**INFORMATION SHOWN:**
-------

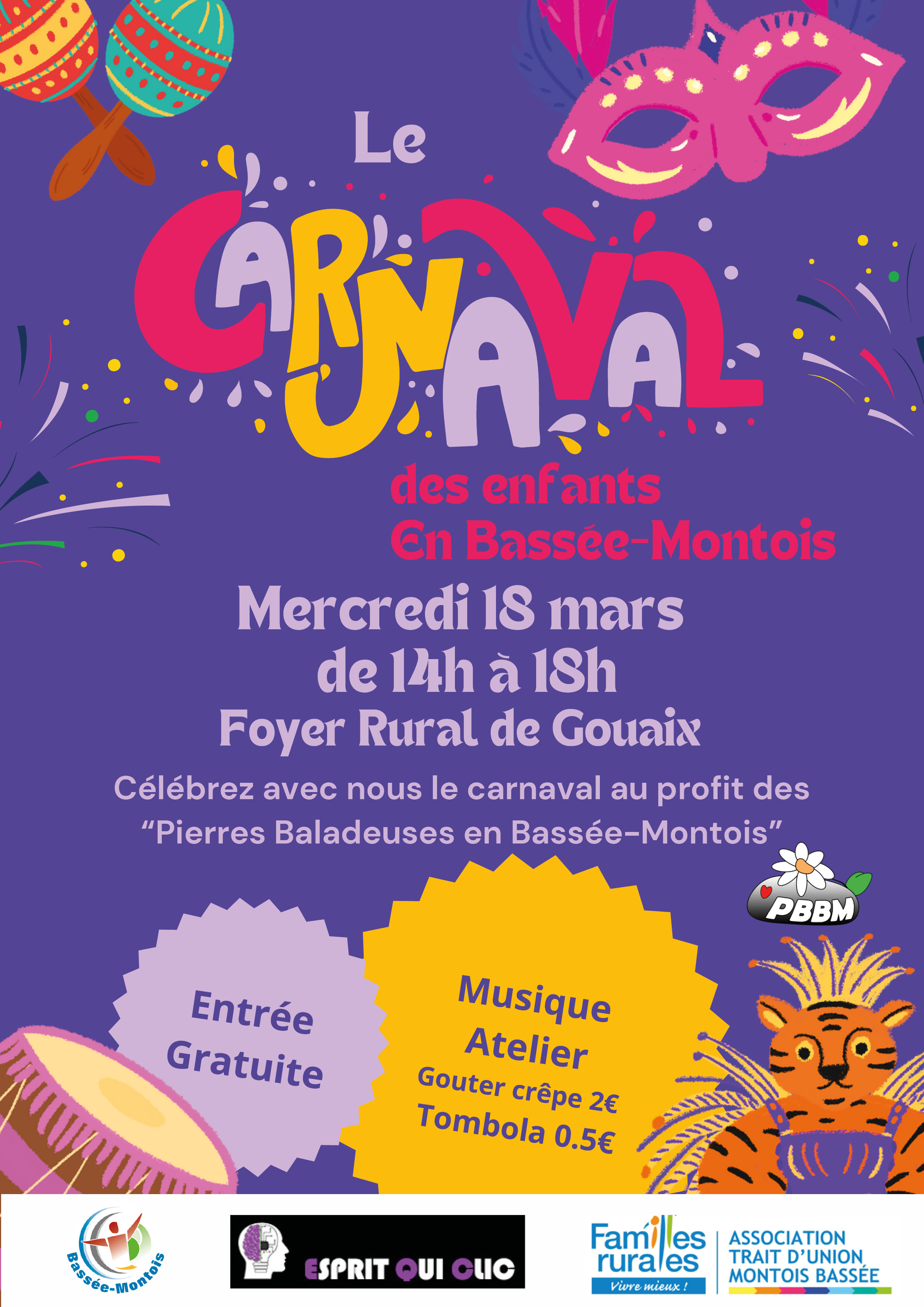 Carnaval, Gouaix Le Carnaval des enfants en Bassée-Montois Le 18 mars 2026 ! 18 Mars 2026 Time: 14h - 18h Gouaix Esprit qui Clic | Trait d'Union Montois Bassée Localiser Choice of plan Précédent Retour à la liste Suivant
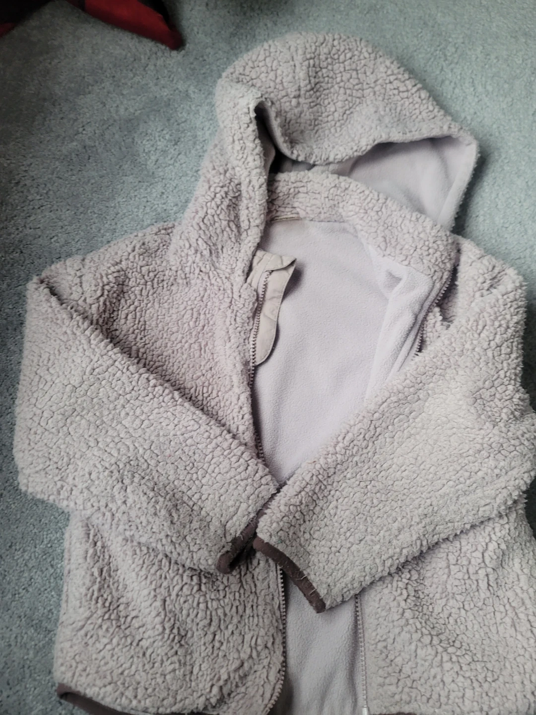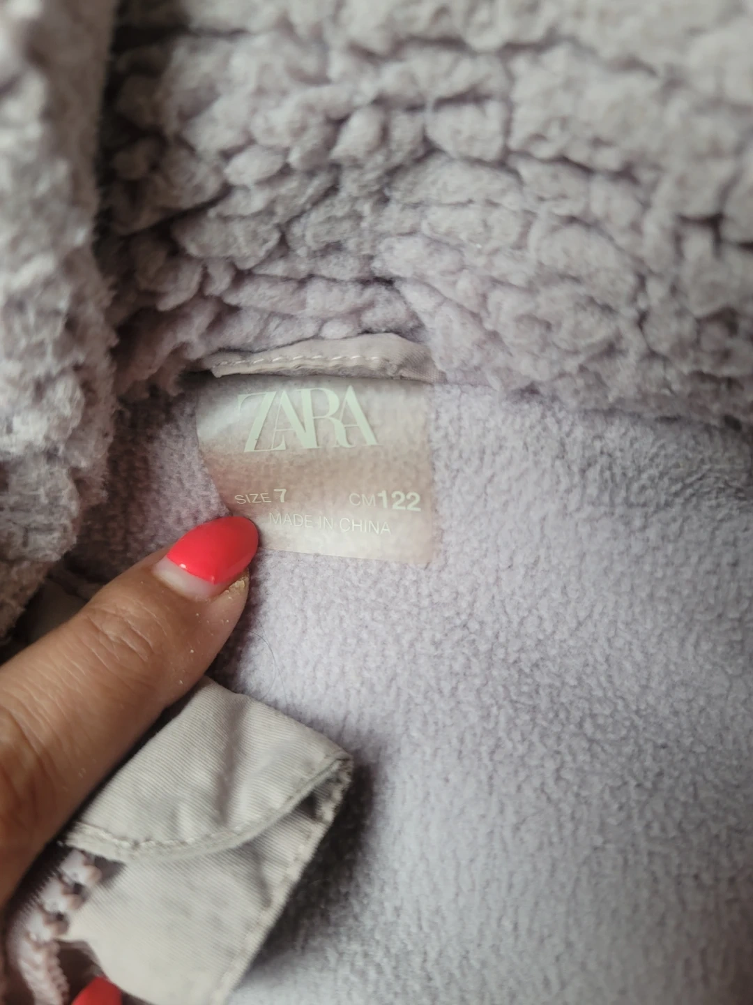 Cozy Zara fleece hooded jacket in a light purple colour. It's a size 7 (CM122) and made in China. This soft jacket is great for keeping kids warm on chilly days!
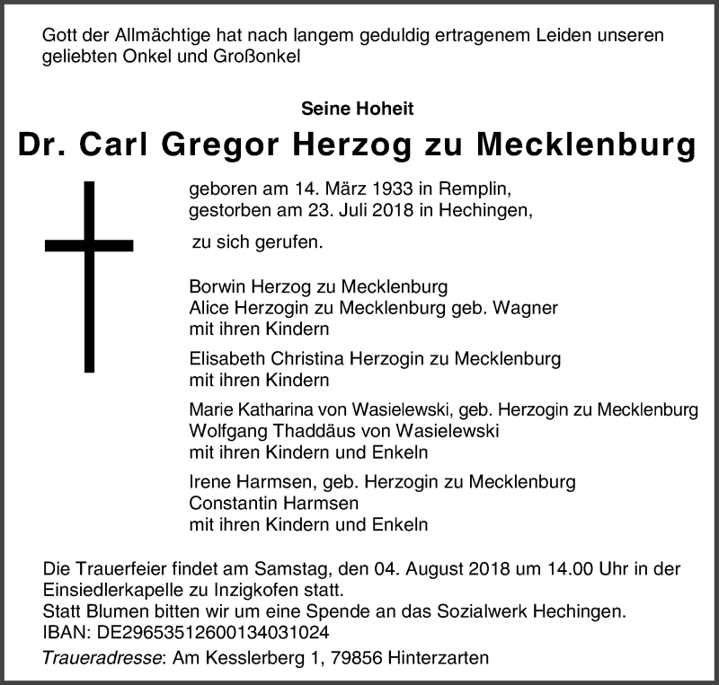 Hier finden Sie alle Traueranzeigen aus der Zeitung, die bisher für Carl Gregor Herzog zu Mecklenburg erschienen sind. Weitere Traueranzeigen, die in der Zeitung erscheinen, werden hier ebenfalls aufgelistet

-------

Print nothing except the lines from the one with "Cozy Zara fleece" through the last line of the listing, exactly as written and with pictures removed.

 Cozy Zara fleece hooded jacket in a light purple colour. It's a size 7 (CM122) and made in China. This soft jacket is great for keeping kids warm on chilly days!
 Hier finden Sie alle Traueranzeigen aus der Zeitung, die bisher für Carl Gregor Herzog zu Mecklenburg erschienen sind. Weitere Traueranzeigen, die in der Zeitung erscheinen, werden hier ebenfalls aufgelistet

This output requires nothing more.